Sixième de onze enfants d’une mère irlandaise et ayant travaillé en usine en Australie, Mel Gibson aime à incarner l’aspiration à la liberté des opprimés : les Irlandais, les Ecossais, les survivants de l’apocalypse de Mad Max, les révoltés de la Bounty, les fédéraux contre la mafia en jouant Eliott Ness. Il a 39 ans et est en pleine maturité physique et professionnelle lorsqu’il incarne le légendaire William Wallace, héros de l’indépendance écossaise entre 1280 et 1305.

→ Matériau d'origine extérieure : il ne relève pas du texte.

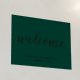 featuring title "Welcome" in real gold foil modern script font with details in real gold gold modern sans serif font on emerald green background.

Le gamin crasseux (James Robinson) de la ferme pauvre isolée dans les Highlands, voit son père et son frère aîné partir combattre l’Anglais qui vient piller le pays ; ils en reviennent cadavres, tranchés de coups d’épée et percés de coups de piques. Brutal, le réalisateur Gibson montre le sang, les blessures, les chevaux éventrés (des maquettes), toute l’horreur bouchère de la guerre. Pris par son oncle sous son aile, éduqué à l’étranger dans les lettres et les armes, le jeune garçon va devenir un homme. Ce qui compte, lui dit son oncle, c’est avant tout la tête ; le bras ne vient qu’ensuite. William Wallace adulte (Mel Gibson) revient sur ses terres et ne rêve de de pouvoir cultiver et fonder une famille en ne demandant rien à personne, en autarcie comme tous les pionniers que la politique indiffère.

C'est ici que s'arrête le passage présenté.